Why is it not working? #2

Open MMMazart opened 1 month ago

MMMazart commented 1 month ago

./wasmedge --dir .:. sd-api-server.wasm --model-name sd-v1.4 --model /mnt/data/zhangmingyang/t2i/models/stable-diffusion-v-1-4-GGUF/stable-diffusion-v1-4-Q8_0.gguf I executed this command, and the result is as follows, but when I send the request 'curl -X POST 'http://localhost:8080/v1/images/generations' --header 'Content-Type: application/json' --data '{"model": "sd-v1.4", "prompt": "A cute baby sea otter"}'', there is no response. What is going on? image

MMMazart commented 1 month ago

现在它可以正常运行,我不知道是为什么。

MMMazart commented 1 month ago

另外一个问题是,stable-diffusion每次都是迅速响应,flux每次要加载很久,这是因为在加载模型吗?每次post请求,都需要重新加载flux模型吗?

MMMazart commented 1 month ago

另外一个问题是,stable-diffusion每次都是迅速响应,flux每次要加载很久,这是因为在加载模型吗?每次post请求,都需要重新加载flux模型吗?

时间都花费在了加载模型上

apepkuss commented 1 month ago

现在它可以正常运行,我不知道是为什么。

If no new log messages show on the screen, please check if the port you're using is in use or not.

另外一个问题是,stable-diffusion每次都是迅速响应,flux每次要加载很久,这是因为在加载模型吗?每次post请求,都需要重新加载flux模型吗?

The model is loaded ONLY at the stage of context initialization, and ONLY loaded once. Could you please share with us the following environment info?

Thanks a lot!

MMMazart commented 1 month ago

现在它可以正常运行,我不知道是为什么。

If no new log messages show on the screen, please check if the port you're using is in use or not.

另外一个问题是,stable-diffusion每次都是迅速响应,flux每次要加载很久,这是因为在加载模型吗?每次post请求,都需要重新加载flux模型吗?

The model is loaded ONLY at the stage of context initialization, and ONLY loaded once. Could you please share with us the following environment info?

  • Operating system
  • CPU
  • Memory
  • GPU and vRAM if present

Thanks a lot!

感谢您的回复!

MMMazart commented 1 month ago

image 他每次会卡在这里重新加载。抱歉我操作失误关闭了这个issue

MMMazart commented 1 month ago

image 他每次会卡在这里重新加载。抱歉我操作失误关闭了这个issue

Thank you. This is very important to me.

MMMazart commented 1 month ago

image 他每次会卡在这里重新加载。抱歉我操作失误关闭了这个issue

Thank you. This is very important to me.

Flux1-dev is like this every time as well. 每次运行完,gpu显存就被释放了。

apepkuss commented 1 month ago

Thanks for the feedback. We'll check the issue ASAP. Thanks!

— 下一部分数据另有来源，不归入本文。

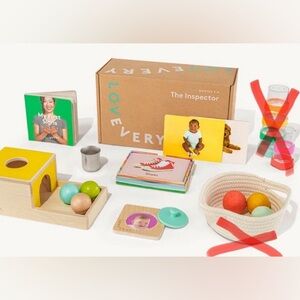 The Inspector Play Kit with ball drop, balls, cards, metal cup, first puzzle, and board book. Missing: cups and treasure basket.
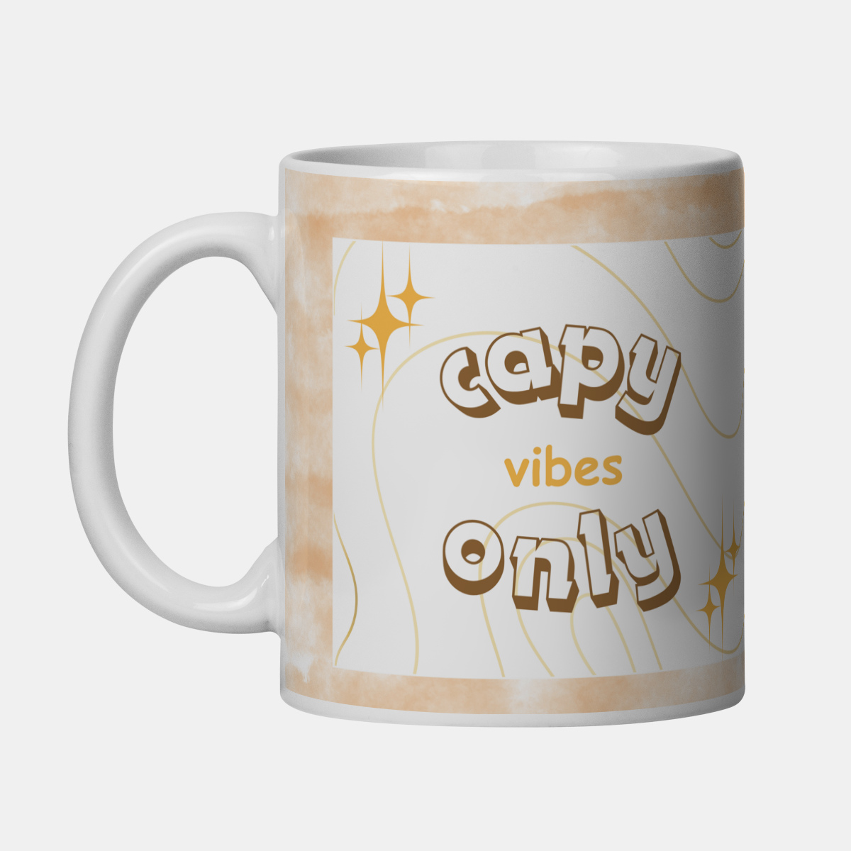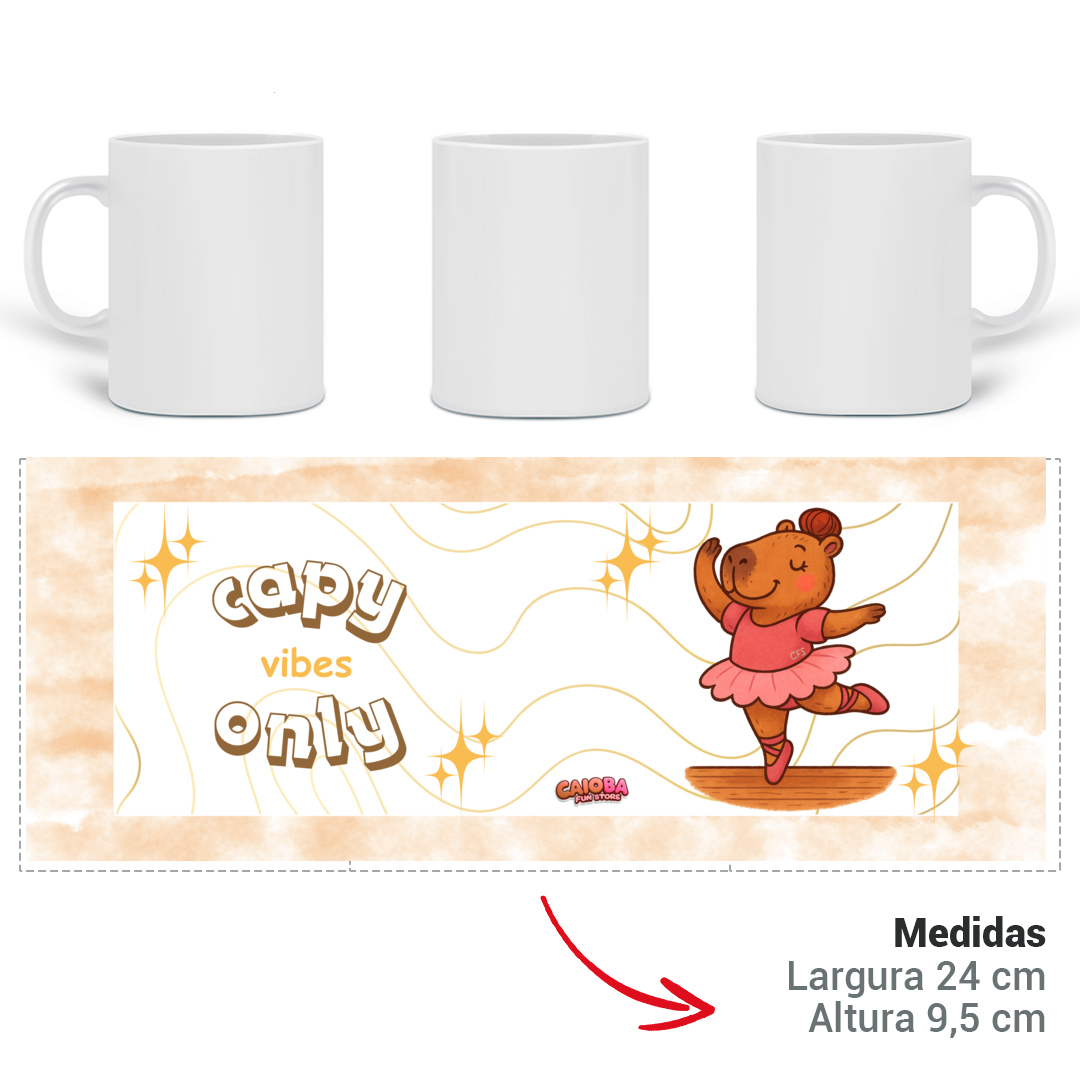 Comece o dia com boas vibrações e muito charme com a Caneca Capy Vibes Only da Caioba Fun Store.
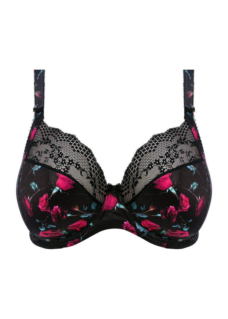 - Banded underwired plunge bra with three section printed cups plus side support panel for forward shape.
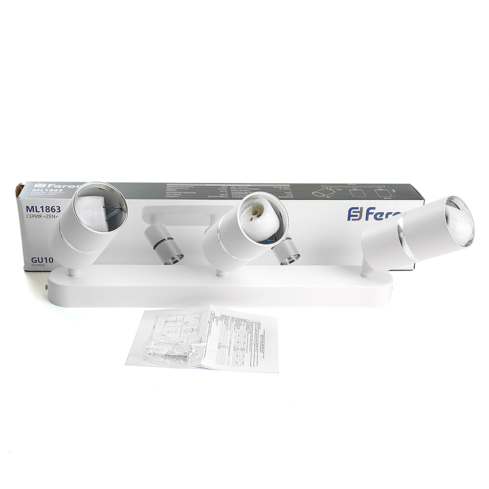 Светильник накладной под лампу, спот (-) FERON ML1863, GU10 3*35W, 230V, IP20, цвет белый-хром, корпус алюминий, 380*380*165
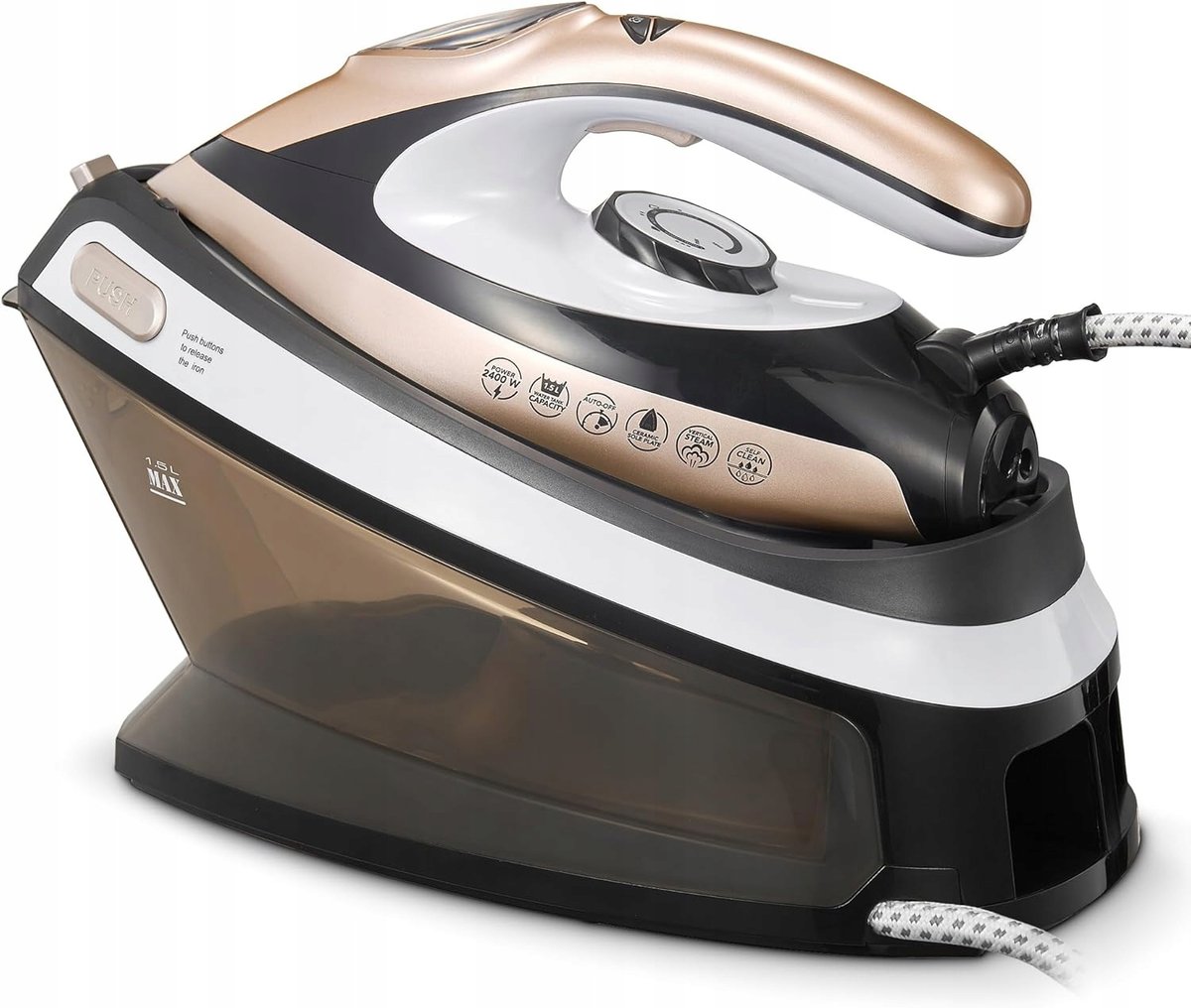 Dzięki dużemu zbiornikowi na wodę o pojemności 1,5 litra możliwe jest prasowanie przez dłuższy czas bez konieczności dolewania wody. Żelazko umożliwia pracę zarówno na sucho, jak i z parą – poziomo oraz pionowo – co sprawia, że idealnie nadaje się do prasowania koszul, firan czy delikatnych materiałów zawieszonych na wieszaku.
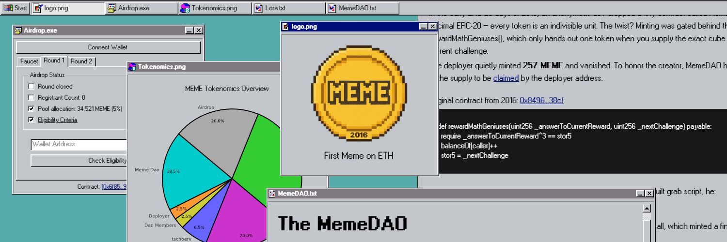 First $MEME on ETH. Launched on April 13, 2016. Discord: - CA: 0x69420bb3b07cd7cDa30d589E0f6563cEd3669420
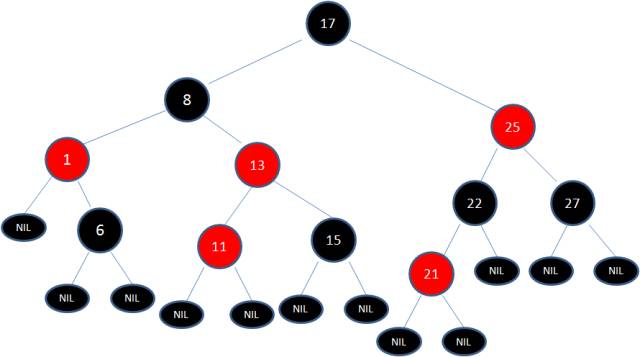 这样就结束了吗?并没有。因为其中两条路径(17 -> 8 -> 6 -> NIL)的黑色节点个数是4,其他路径的黑色节点个数是3,不符合规则5。
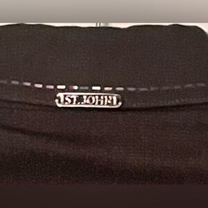 NWOT - Black Label St. John Sport by Marie Gray black denim jacket cotton blend, a timeless piece featuring intricate lion-embellished buttons and shimmering sequins that add elegance to both the front and back. Perfect for a relaxed yet polished look, this button-up jacket offers a flattering fit. Its measurements include an armpit-to-armpit width of 20 inches, a length of 23 inches, and an arm length of 22 inches. Sized small, this versatile jacket effortlessly combines comfort and sophisticated style
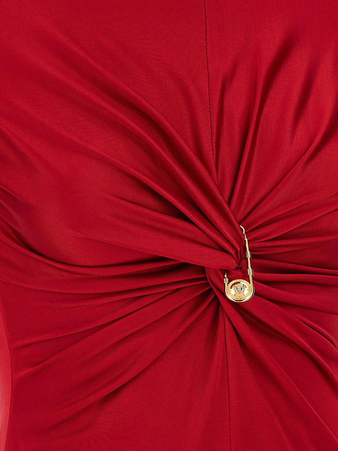 Stretch viscose jersey top with front 'Safety Pin' metallic '', crew neck, back zip closure, and short sleeves.
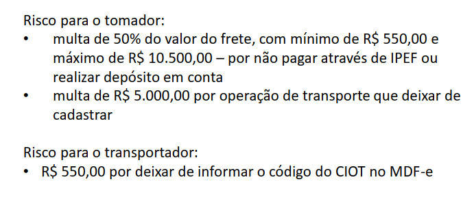 É importante saber que o não cumprimento aos procedimentos previstos nesta resolução acarretará multas no valor de R$ 550,00 a R$ 10.500,00 por infração cometida. Elas serão aplicáveis tanto para contratantes/subcontratantes, contratados e Instituições de Pagamento de Frete.
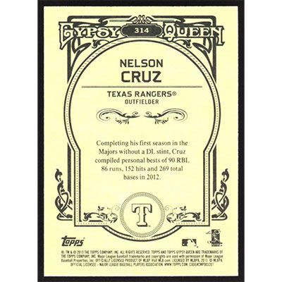 This is a 2013 Topps Gypsy Queen Nelson Cruz baseball card. The card is #314 and pictures show condition.

MMMazart commented 1 month ago

Thanks for the feedback. We'll check the issue ASAP. Thanks!

Thanks a lot.

hydai commented 1 month ago

After checking the design of wasmedge-stablediffusion, the context should remain after loading. @apepkuss Will the sd-api-server or llama-core try to init and drop the context per request?

MMMazart commented 1 month ago

The models of the stable-diffusion series will not be dropped, while those of the flux series will be dropped.

apepkuss commented 1 month ago

@hydai According to the investigation, llama-core create the text_to_image or image_to_image context once per request. The improvement in the design will come in the next release. Thanks!

MMMazart commented 1 month ago

@hydai According to the investigation, llama-core create the text_to_image or image_to_image context once per request. The improvement in the design will come in the next release. Thanks!根据调查, llama-core每个请求都会创建一次text_to_imageimage_to_image上下文。设计的改进将在下一个版本中出现。谢谢!

Thank you! I'm looking forward to it very very much!

apepkuss commented 1 month ago

@MMMazart We released v0.1.5. Please try it. Thanks!

MMMazart commented 1 month ago

@MMMazart We released v0.1.5. Please try it. Thanks!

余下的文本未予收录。